Problem and opportunity
Understanding financial markets through language is the next frontier in digital transformation - and ultimately in securing competitive advantage.
In order to scale ‘understanding’ and problem solving with Natural Language Processing (NLP), financial firms need to train and monitor many models . This will accumulate to approximately +100 models for a mid-sized firm that wants to deploy NLP across five or more use-cases.
Training each model to achieve an accurate and reliable level of quality is also expensive - in five years’ time, a company could invest $1bn dollars in compute time to train a single language model. Each model must also be maintained and tweaked over time, which incurs even more talent and compute costs.

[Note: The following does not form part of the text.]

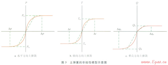 根據(jù)ASCE Guidelines.for the Design of Buried Steel Pipe[21,斷層作用下,土壤對管道的作用可以用彈塑性土彈簧來表示,包括管道軸向、側(cè)向和垂向的土彈簧(圖2)。筆者采用管土相互作用(PSI)單元模擬管土相互作用,PSl單元如圖2-b所示,由4個節(jié)點組成,單元上端2個節(jié)點(3和4)與地表面相連,反映地面運動與位移,下端2個節(jié)點(1和2)與管道單元相連,管土相互作用關(guān)系以非線性單元剛度表示,單元剛度與土彈簧剛度一致。通過將斷層位移施加在斷層右側(cè)PSI單元的土壤節(jié)點上可以來模擬斷層的作用。等效土彈簧的力學性能可以用極限抗力與屈服位移2個量來描述。Pu、Tu、Qu和Qd代表了3個方向的極限抗力,Dp、Dt、Dqd和Dqu代表了3個方向的屈服位移(圖3)。
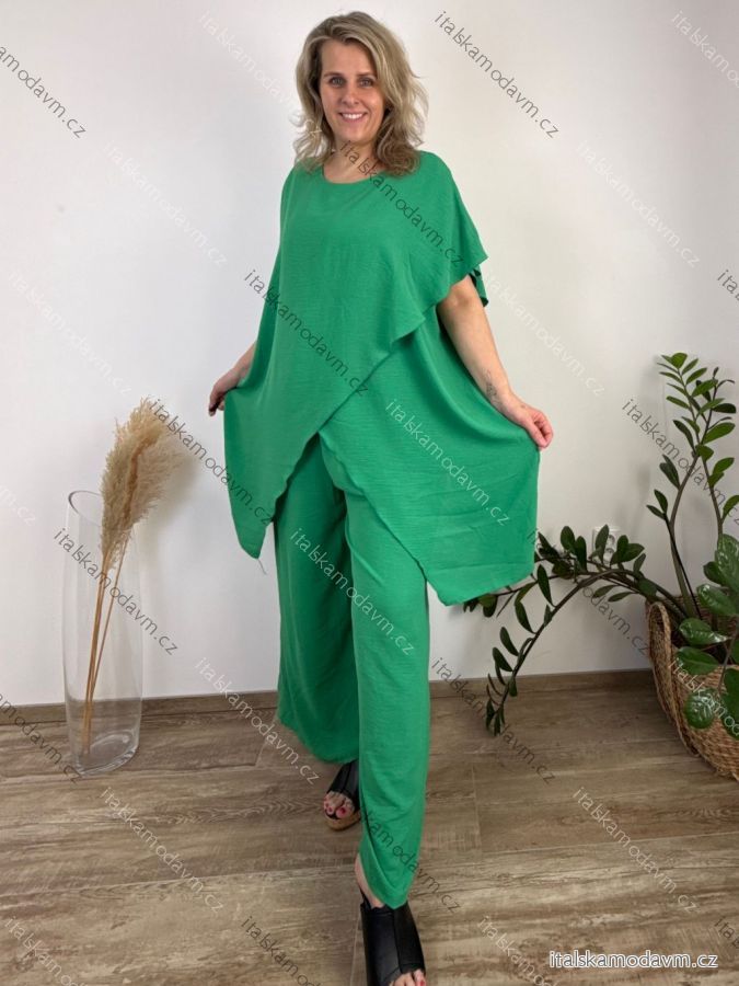 Souprava elegantní, letní kalhoty a tunika dámské nadrozměr SIDONIE (48/50/52/54 ONE SIZE) ITALSKÁ MÓDA IMWTC26001/DU 48/50/52 tmavě růžová

However, what if upfront use of a single, domain-specific language model could cut those training costs? This is the hypothesis Refinitiv Labs set out to test.
Refinitiv Labs’ Financial Language Modelling project helps financial firms build state-of-the-art and scalable services in the financial domain using NLP.
The team trained two domain-specific flavours of Google’s language model, Bidirectional Encoder Representations from Transformers, (BERT). The model generated high quality embeddings from user-supplied texts to understand language. Embeddings are numeric representations of words; they capture the meaning and relationship between words in a given document and can be used to solve downstream NLP tasks, such as text classification, sentiment analysis, information retrieval, question answering etc.
These new BERT models grew from research into using domain-specific language models conducted by Refinitiv Labs and can integrate into NLP training pipelines - turning text training data into numeric data, on which further training (or fine-tuning) can happen.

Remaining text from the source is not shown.